1. Announcing our latest site: Quality Watch

    It’s been a while since we posted on the team tumblr, and what better way to break the ice than with an announcement of a new client site launch?

    The latest addition to our portfolio is Quality Watch: a website to support a research programme run by The Nuffield Trust and The Health Foundation to examine the effects of economic austerity in the NHS.

    It’s built on Drupal 7, is mobile first, is functional right down to IE7 and leveraged our whitelabel features to kick start the build process. There was a requirement to provide an interface between the website and the research team (whose tools of the trade are predominantly spreadsheets), so we suggested github to store data about their charts and maps. We wrote custom code to pull changes from that repo and turn them into Drupal nodes and pretty rendered charts/maps using highcharts.js/polymaps.js respectively.

    This new site represents a fantastic result for Team Drupal owing to the tight delivery timescale and some challenging requirements. We think the end result speaks for itself and if you haven’t already, we’d encourage you to go have a look at it right now… preferably at least twice to see how it behaves between media queries!

    http://www.qualitywatch.org.uk

  2. Implementing most popular content listings in Drupal powered by Google Analytics data

    We recently implemented a feature to display ‘most popular’ content on the WRAP and Zero Waste Scotland websites in order to improve the visibility of popular content on their existing taxonomy pages and complement the existing ‘Latest content’ listings.

    A high level overview of the feature can be found on my recent Torchbox.com blog post. This post is the technical compliment to it where I can elaborate on some of the decisions and implementations of what went into the feature.

    Choosing a data source:

    Drupal comes with its own internal statistics module which can be used to track how many users have viewed a given node. It’s not particularly sophisticated and relies on a session of some variety to be able to associate a view event to a node. With something like Pressflow (or Drupal 7) anonymous users no longer have an anonymous session cookie set to ensure compatibility with HTTP caches such as Varnish.

    In the same manner, contrib modules such as radioactivity also rely on an active user session (anonymous or otherwise) and can also add a significant level of database load (update queries on every node view event) on high traffic sites. Even by queueing some of these updates in-memory through something like memcached and flushing to the database at less frequent intervals there is still a significant performance consideration on top of incompatibility with Varnish.

    WRAP and ZWS had well established Google Analytics profiles and Analytics has a great API. The downsides are that Analytics doesn’t understand which paths are nodes, which are views based and what taxonomy term a certain path relates to.

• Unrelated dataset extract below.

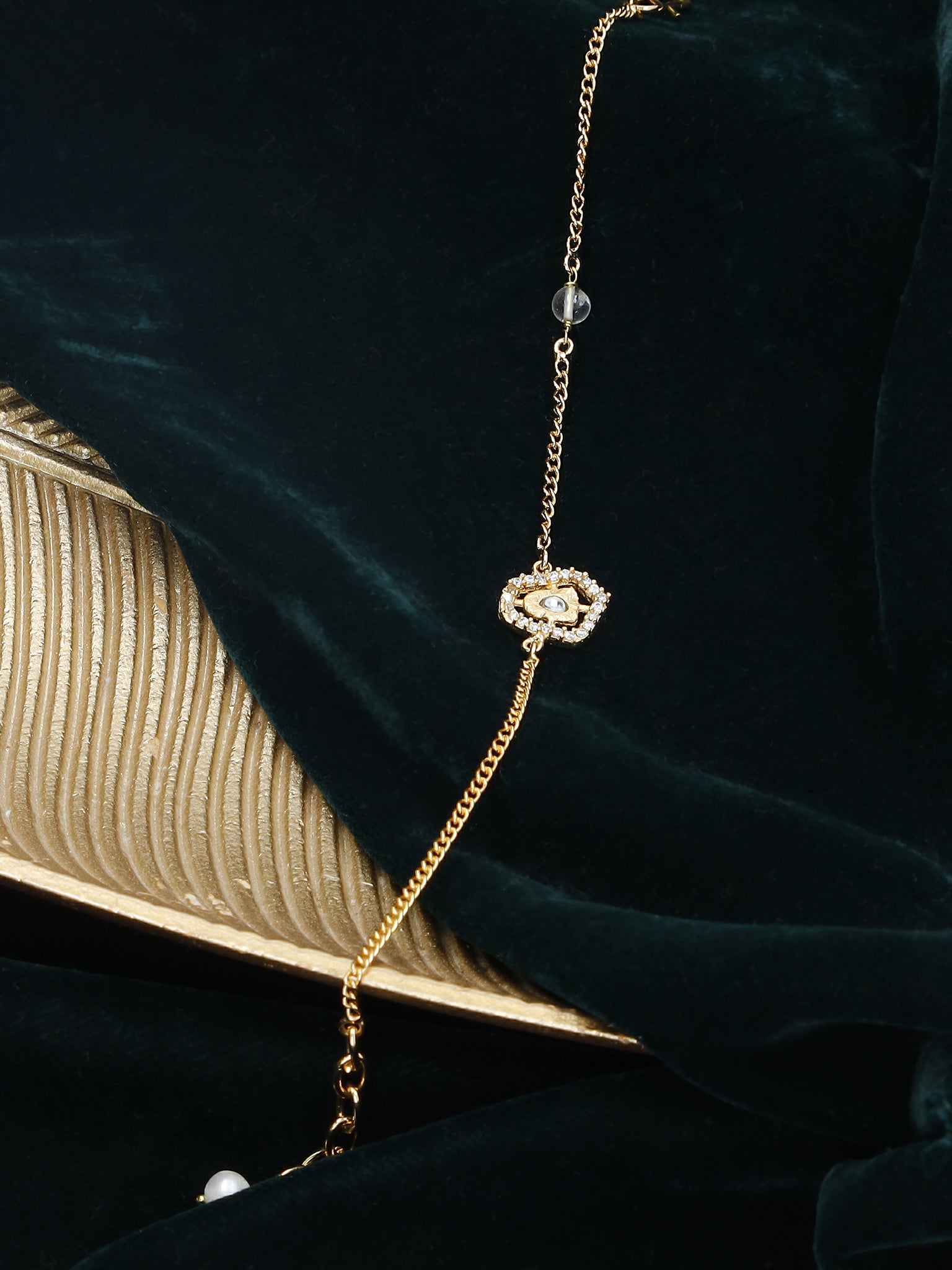 The Hafsa chain bracelet combines textured metal with natural golden topaz stones and intricate kundan detailing. Its refined design exudes elegance and sophistication, making it a timeless statement piece for any occasion.

On balance, this is perfectly acceptable, and this is covered a little later in the post.

    Given the richness of the data stored by Analytics, the ease of access and compatibility with Varnish (Analytics events/calls are client side), and variety of filters and metrics, it was became fairly clear that using Analytics to provide the data for scoring our content according to unique page views would be a good fit.

    Introducing logical separations of concern in the whole process

    Nobody likes a ‘superman’ function or class that tries to do everything. We’ve probably all seen them at one stage or another…

    function mymodule_update_node_score($node, $score) claims to do one discrete task, but when you look inside we might find it updates one thing, clears the cache, maybe even loads another, related node and updates something in that too.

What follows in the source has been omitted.